Saved data entries
☆ ☆ ☆ ☆ ☆
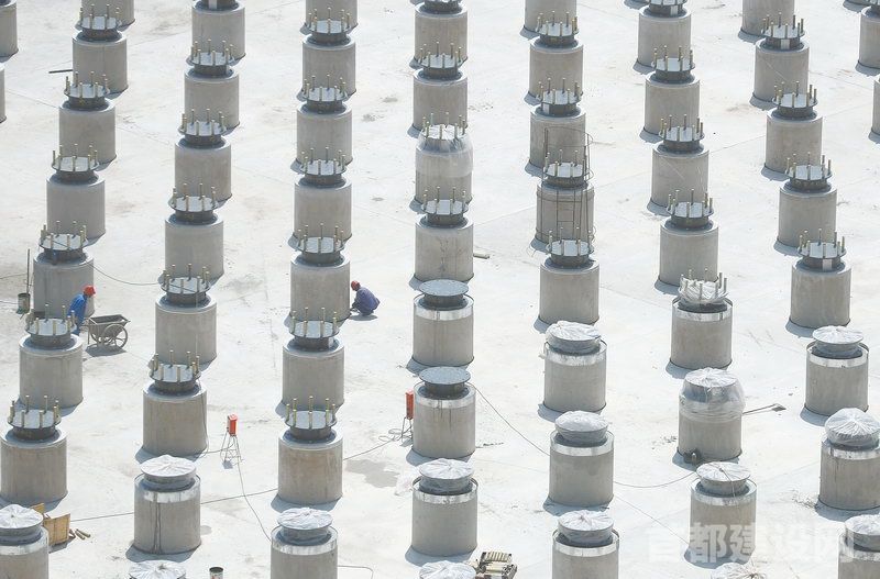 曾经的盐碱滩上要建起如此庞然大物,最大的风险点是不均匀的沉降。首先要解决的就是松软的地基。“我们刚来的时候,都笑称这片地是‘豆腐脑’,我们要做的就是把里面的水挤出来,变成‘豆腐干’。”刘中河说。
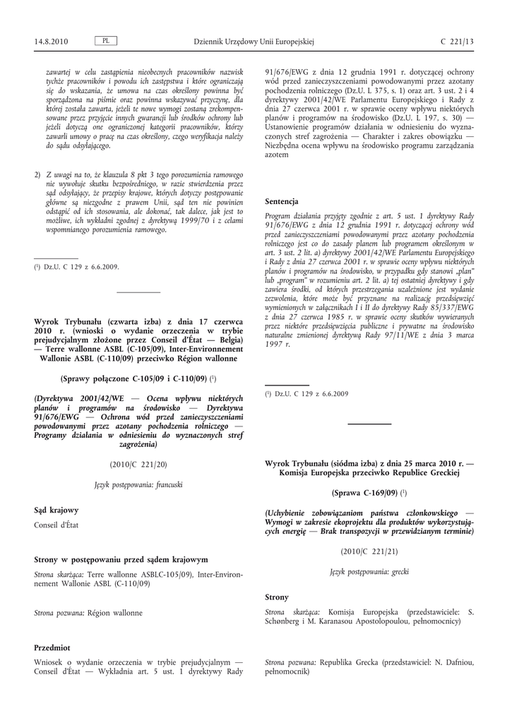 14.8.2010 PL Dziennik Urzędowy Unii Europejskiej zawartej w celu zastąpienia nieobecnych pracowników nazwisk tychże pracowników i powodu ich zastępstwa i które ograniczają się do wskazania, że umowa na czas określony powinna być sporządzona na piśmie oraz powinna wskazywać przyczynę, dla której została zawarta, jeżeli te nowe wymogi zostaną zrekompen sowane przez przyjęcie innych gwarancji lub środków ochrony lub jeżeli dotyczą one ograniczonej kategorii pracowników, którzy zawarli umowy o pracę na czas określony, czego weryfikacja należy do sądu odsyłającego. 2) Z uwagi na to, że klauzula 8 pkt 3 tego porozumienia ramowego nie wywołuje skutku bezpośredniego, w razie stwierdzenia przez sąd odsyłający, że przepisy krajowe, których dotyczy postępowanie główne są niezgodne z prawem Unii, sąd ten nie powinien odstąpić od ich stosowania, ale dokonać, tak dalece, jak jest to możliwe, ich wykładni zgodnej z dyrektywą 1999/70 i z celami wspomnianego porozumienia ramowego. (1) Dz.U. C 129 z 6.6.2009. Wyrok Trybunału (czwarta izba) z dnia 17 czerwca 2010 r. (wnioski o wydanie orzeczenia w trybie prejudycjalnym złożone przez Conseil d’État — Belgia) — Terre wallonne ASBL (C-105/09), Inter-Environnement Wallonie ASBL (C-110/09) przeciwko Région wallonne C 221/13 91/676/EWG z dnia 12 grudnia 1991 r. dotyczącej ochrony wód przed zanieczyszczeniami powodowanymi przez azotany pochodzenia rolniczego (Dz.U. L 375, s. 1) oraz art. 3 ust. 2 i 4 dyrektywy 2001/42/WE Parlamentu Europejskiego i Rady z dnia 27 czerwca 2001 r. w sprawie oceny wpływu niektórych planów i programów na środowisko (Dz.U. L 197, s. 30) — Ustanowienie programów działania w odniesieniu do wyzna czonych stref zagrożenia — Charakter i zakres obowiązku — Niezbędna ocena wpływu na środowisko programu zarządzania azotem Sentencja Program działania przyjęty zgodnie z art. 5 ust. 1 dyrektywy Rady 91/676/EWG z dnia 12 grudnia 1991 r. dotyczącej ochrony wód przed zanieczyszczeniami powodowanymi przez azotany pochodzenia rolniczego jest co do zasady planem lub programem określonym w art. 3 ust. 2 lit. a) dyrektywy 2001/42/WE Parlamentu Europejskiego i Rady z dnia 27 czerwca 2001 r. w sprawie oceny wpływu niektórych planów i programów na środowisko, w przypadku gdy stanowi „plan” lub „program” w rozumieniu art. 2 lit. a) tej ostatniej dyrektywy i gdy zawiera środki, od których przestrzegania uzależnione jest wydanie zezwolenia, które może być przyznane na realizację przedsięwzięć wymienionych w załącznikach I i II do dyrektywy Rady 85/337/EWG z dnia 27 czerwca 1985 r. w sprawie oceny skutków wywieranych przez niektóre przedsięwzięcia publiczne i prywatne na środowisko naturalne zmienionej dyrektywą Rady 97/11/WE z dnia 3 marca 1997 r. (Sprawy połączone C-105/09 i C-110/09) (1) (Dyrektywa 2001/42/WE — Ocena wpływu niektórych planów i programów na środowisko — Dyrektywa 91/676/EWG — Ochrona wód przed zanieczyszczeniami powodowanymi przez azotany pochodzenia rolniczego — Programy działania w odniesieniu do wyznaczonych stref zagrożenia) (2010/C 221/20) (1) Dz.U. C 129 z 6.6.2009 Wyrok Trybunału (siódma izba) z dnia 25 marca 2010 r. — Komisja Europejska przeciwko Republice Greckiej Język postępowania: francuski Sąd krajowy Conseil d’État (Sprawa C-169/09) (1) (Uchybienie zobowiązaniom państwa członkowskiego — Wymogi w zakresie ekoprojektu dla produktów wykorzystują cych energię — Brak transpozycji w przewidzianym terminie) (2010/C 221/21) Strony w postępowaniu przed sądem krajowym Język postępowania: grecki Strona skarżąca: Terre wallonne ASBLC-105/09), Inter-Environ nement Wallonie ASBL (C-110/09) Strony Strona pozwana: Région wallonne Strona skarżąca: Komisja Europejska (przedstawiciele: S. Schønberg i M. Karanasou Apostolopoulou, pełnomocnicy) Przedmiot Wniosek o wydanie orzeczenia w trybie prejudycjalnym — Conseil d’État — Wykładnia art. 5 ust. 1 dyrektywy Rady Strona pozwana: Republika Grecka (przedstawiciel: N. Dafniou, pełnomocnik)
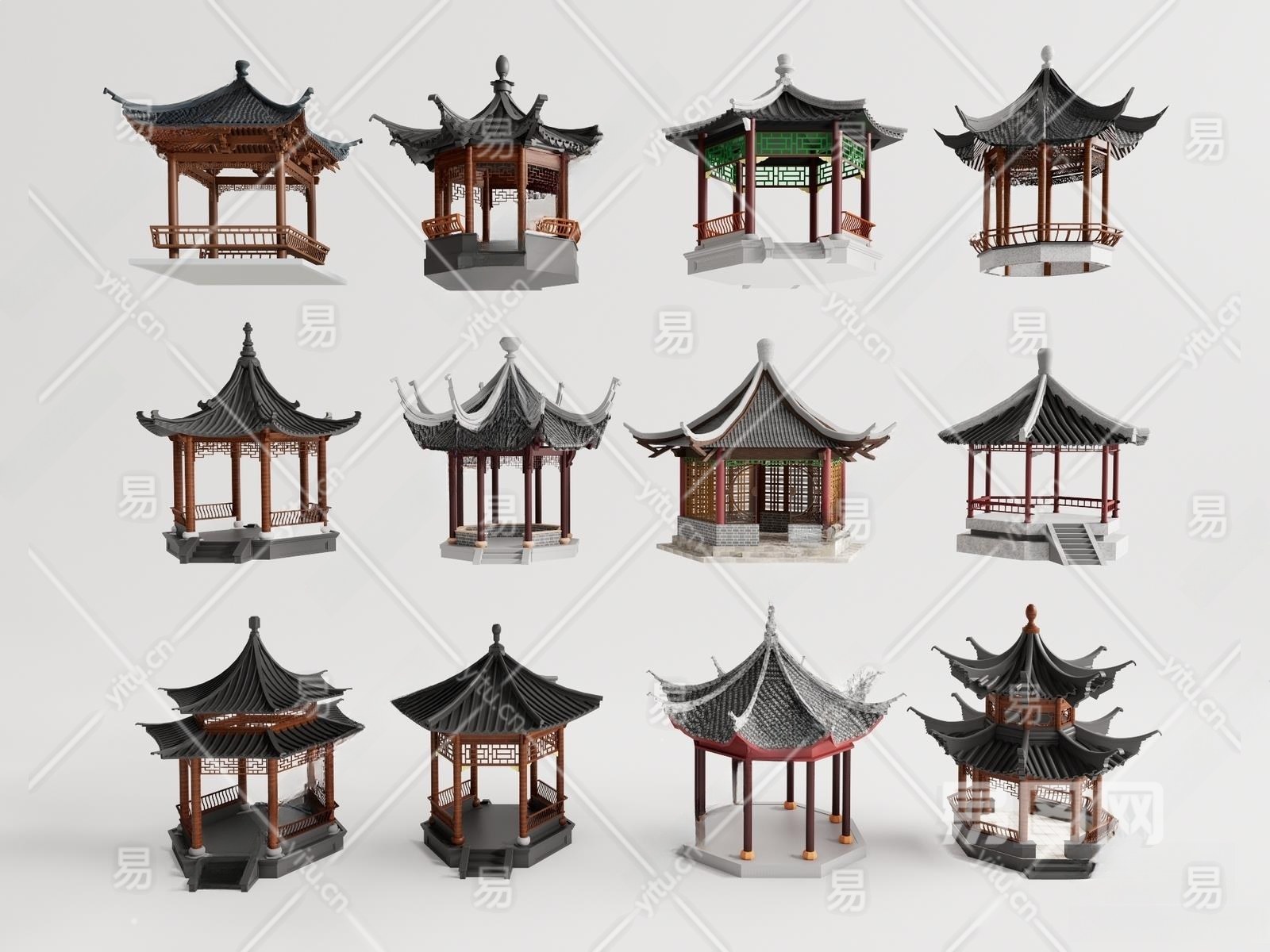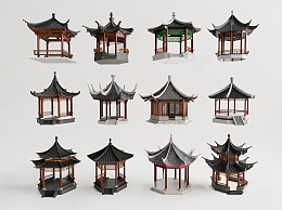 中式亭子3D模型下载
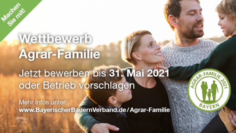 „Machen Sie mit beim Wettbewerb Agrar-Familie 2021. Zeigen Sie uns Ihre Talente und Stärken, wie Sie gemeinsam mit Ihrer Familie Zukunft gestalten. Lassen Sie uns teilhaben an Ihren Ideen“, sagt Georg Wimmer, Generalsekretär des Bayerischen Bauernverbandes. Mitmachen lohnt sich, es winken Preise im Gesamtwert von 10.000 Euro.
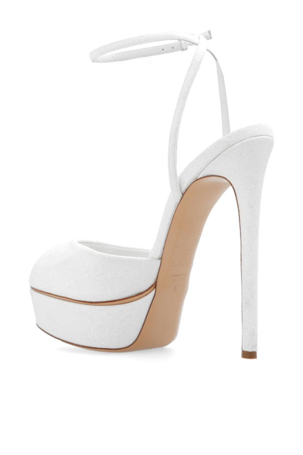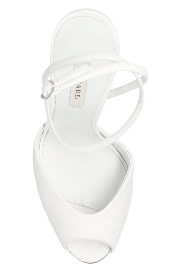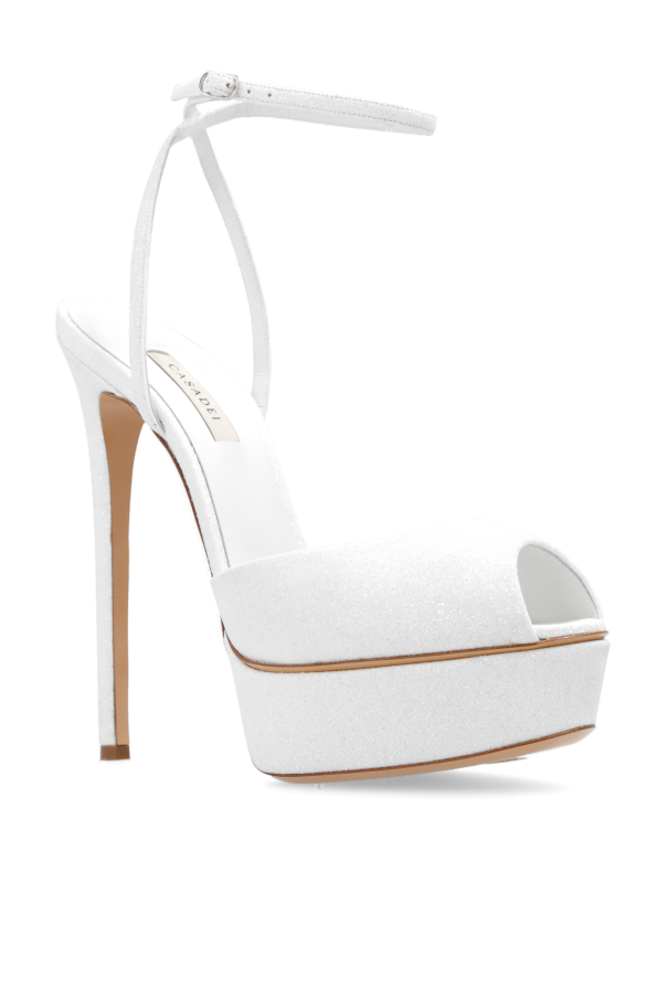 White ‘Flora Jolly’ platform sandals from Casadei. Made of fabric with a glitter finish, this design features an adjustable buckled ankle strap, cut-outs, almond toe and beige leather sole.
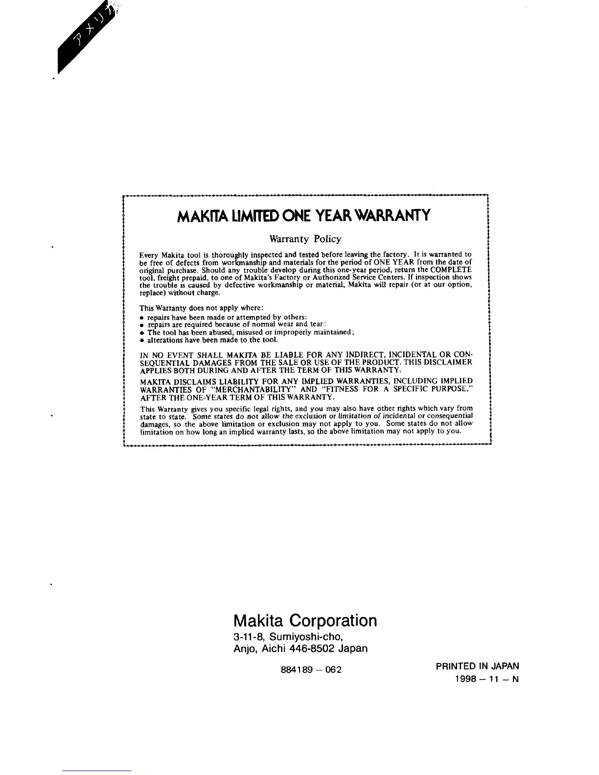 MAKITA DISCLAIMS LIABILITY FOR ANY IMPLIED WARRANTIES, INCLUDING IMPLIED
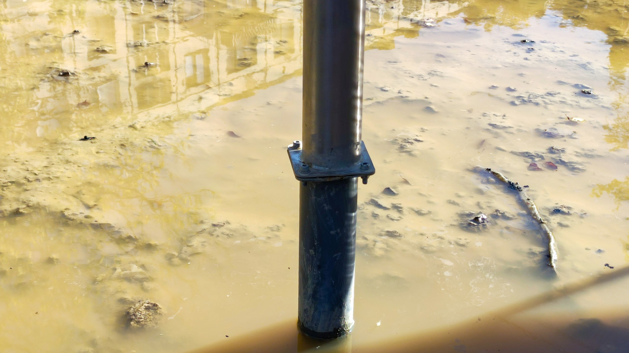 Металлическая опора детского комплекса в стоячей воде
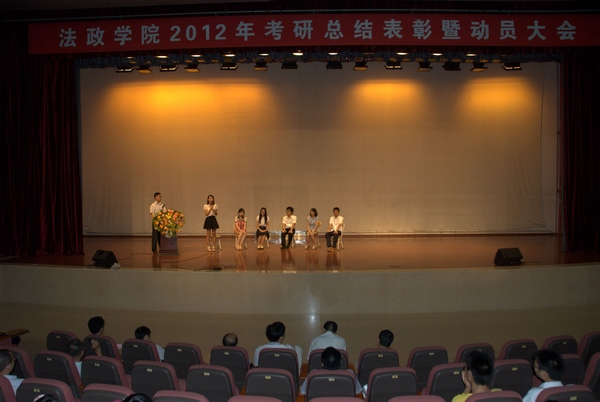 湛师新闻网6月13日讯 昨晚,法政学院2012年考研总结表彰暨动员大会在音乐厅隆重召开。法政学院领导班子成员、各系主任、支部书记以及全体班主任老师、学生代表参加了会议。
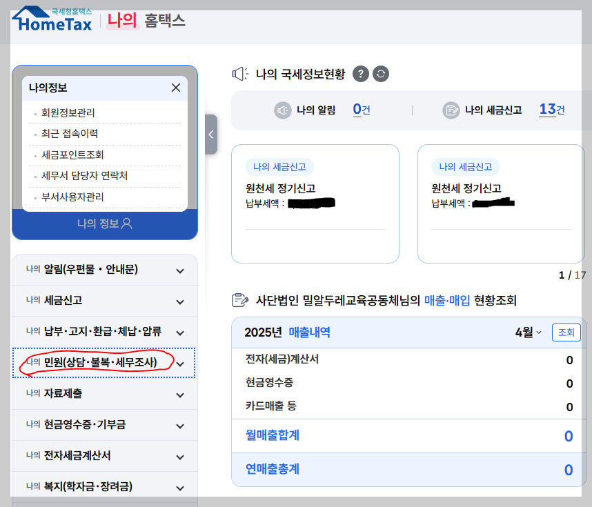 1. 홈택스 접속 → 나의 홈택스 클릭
☆ ☆ ☆ ☆ ☆
**EXERCISE GOAL**
Output only the lines running from the one containing "Металлическая опора детского" to the end of the records, inclusive and exact; skip the pictures.

**RESULT FOR THIS EXERCISE**
 Металлическая опора детского комплекса в стоячей воде
 湛师新闻网6月13日讯 昨晚,法政学院2012年考研总结表彰暨动员大会在音乐厅隆重召开。法政学院领导班子成员、各系主任、支部书记以及全体班主任老师、学生代表参加了会议。
 1. 홈택스 접속 → 나의 홈택스 클릭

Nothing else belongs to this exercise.